Data for review START

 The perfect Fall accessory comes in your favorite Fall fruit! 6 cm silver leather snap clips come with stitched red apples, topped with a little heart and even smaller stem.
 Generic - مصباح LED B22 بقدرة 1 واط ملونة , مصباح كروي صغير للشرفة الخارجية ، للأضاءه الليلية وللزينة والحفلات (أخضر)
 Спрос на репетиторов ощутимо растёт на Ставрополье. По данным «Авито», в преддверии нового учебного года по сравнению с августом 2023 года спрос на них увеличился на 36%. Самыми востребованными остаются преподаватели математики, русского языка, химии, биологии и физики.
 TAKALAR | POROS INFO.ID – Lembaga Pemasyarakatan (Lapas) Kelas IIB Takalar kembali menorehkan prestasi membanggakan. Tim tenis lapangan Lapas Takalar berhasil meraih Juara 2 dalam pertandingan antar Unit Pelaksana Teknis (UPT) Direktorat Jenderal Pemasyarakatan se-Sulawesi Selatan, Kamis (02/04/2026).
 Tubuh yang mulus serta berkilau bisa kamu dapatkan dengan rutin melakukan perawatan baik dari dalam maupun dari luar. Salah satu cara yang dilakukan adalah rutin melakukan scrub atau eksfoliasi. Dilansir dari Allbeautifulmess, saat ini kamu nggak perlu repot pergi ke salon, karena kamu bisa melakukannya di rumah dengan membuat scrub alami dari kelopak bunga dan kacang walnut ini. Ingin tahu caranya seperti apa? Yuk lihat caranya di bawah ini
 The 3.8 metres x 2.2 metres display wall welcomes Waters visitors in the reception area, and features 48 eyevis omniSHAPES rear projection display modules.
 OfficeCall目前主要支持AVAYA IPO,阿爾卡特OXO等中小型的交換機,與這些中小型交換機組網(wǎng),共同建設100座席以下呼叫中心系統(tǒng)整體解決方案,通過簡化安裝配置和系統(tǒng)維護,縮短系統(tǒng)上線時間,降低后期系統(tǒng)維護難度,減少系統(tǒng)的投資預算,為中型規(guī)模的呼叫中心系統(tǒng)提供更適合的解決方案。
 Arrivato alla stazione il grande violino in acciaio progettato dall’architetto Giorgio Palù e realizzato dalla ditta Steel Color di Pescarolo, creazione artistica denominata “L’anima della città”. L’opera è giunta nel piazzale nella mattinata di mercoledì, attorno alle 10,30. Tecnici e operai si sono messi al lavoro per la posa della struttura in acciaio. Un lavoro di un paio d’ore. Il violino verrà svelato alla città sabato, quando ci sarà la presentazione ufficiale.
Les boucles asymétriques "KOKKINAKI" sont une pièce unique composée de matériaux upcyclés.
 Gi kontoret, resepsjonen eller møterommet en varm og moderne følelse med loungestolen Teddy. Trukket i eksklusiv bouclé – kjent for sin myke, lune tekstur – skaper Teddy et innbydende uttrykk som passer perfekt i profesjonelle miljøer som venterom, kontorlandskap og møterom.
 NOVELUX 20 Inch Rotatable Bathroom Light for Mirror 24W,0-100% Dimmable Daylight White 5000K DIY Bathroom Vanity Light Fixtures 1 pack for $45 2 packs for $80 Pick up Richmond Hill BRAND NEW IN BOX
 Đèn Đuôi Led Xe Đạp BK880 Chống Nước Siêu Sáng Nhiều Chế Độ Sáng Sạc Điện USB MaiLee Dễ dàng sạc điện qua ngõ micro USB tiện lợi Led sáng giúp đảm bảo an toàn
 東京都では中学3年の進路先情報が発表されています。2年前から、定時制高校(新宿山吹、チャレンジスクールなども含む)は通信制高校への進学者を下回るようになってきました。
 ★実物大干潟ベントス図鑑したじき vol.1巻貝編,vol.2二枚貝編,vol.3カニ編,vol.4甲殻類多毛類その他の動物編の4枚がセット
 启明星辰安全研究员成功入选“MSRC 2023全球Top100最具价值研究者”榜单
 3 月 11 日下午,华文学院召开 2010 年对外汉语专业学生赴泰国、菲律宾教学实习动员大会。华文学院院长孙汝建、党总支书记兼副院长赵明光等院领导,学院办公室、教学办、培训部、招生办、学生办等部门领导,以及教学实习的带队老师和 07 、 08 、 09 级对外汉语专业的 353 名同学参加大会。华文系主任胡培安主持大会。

Data for review END

Work task: The records above should be repeated word for word.

Task response:
 The perfect Fall accessory comes in your favorite Fall fruit! 6 cm silver leather snap clips come with stitched red apples, topped with a little heart and even smaller stem.
 Generic - مصباح LED B22 بقدرة 1 واط ملونة , مصباح كروي صغير للشرفة الخارجية ، للأضاءه الليلية وللزينة والحفلات (أخضر)
 Спрос на репетиторов ощутимо растёт на Ставрополье. По данным «Авито», в преддверии нового учебного года по сравнению с августом 2023 года спрос на них увеличился на 36%. Самыми востребованными остаются преподаватели математики, русского языка, химии, биологии и физики.
 TAKALAR | POROS INFO.ID – Lembaga Pemasyarakatan (Lapas) Kelas IIB Takalar kembali menorehkan prestasi membanggakan. Tim tenis lapangan Lapas Takalar berhasil meraih Juara 2 dalam pertandingan antar Unit Pelaksana Teknis (UPT) Direktorat Jenderal Pemasyarakatan se-Sulawesi Selatan, Kamis (02/04/2026).
 Tubuh yang mulus serta berkilau bisa kamu dapatkan dengan rutin melakukan perawatan baik dari dalam maupun dari luar. Salah satu cara yang dilakukan adalah rutin melakukan scrub atau eksfoliasi. Dilansir dari Allbeautifulmess, saat ini kamu nggak perlu repot pergi ke salon, karena kamu bisa melakukannya di rumah dengan membuat scrub alami dari kelopak bunga dan kacang walnut ini. Ingin tahu caranya seperti apa? Yuk lihat caranya di bawah ini
 The 3.8 metres x 2.2 metres display wall welcomes Waters visitors in the reception area, and features 48 eyevis omniSHAPES rear projection display modules.
 OfficeCall目前主要支持AVAYA IPO,阿爾卡特OXO等中小型的交換機,與這些中小型交換機組網(wǎng),共同建設100座席以下呼叫中心系統(tǒng)整體解決方案,通過簡化安裝配置和系統(tǒng)維護,縮短系統(tǒng)上線時間,降低后期系統(tǒng)維護難度,減少系統(tǒng)的投資預算,為中型規(guī)模的呼叫中心系統(tǒng)提供更適合的解決方案。
 Arrivato alla stazione il grande violino in acciaio progettato dall’architetto Giorgio Palù e realizzato dalla ditta Steel Color di Pescarolo, creazione artistica denominata “L’anima della città”. L’opera è giunta nel piazzale nella mattinata di mercoledì, attorno alle 10,30. Tecnici e operai si sono messi al lavoro per la posa della struttura in acciaio. Un lavoro di un paio d’ore. Il violino verrà svelato alla città sabato, quando ci sarà la presentazione ufficiale.
Les boucles asymétriques "KOKKINAKI" sont une pièce unique composée de matériaux upcyclés.
 Gi kontoret, resepsjonen eller møterommet en varm og moderne følelse med loungestolen Teddy. Trukket i eksklusiv bouclé – kjent for sin myke, lune tekstur – skaper Teddy et innbydende uttrykk som passer perfekt i profesjonelle miljøer som venterom, kontorlandskap og møterom.
 NOVELUX 20 Inch Rotatable Bathroom Light for Mirror 24W,0-100% Dimmable Daylight White 5000K DIY Bathroom Vanity Light Fixtures 1 pack for $45 2 packs for $80 Pick up Richmond Hill BRAND NEW IN BOX
 Đèn Đuôi Led Xe Đạp BK880 Chống Nước Siêu Sáng Nhiều Chế Độ Sáng Sạc Điện USB MaiLee Dễ dàng sạc điện qua ngõ micro USB tiện lợi Led sáng giúp đảm bảo an toàn
 東京都では中学3年の進路先情報が発表されています。2年前から、定時制高校(新宿山吹、チャレンジスクールなども含む)は通信制高校への進学者を下回るようになってきました。
 ★実物大干潟ベントス図鑑したじき vol.1巻貝編,vol.2二枚貝編,vol.3カニ編,vol.4甲殻類多毛類その他の動物編の4枚がセット
 启明星辰安全研究员成功入选“MSRC 2023全球Top100最具价值研究者”榜单
 3 月 11 日下午,华文学院召开 2010 年对外汉语专业学生赴泰国、菲律宾教学实习动员大会。华文学院院长孙汝建、党总支书记兼副院长赵明光等院领导,学院办公室、教学办、培训部、招生办、学生办等部门领导,以及教学实习的带队老师和 07 、 08 、 09 级对外汉语专业的 353 名同学参加大会。华文系主任胡培安主持大会。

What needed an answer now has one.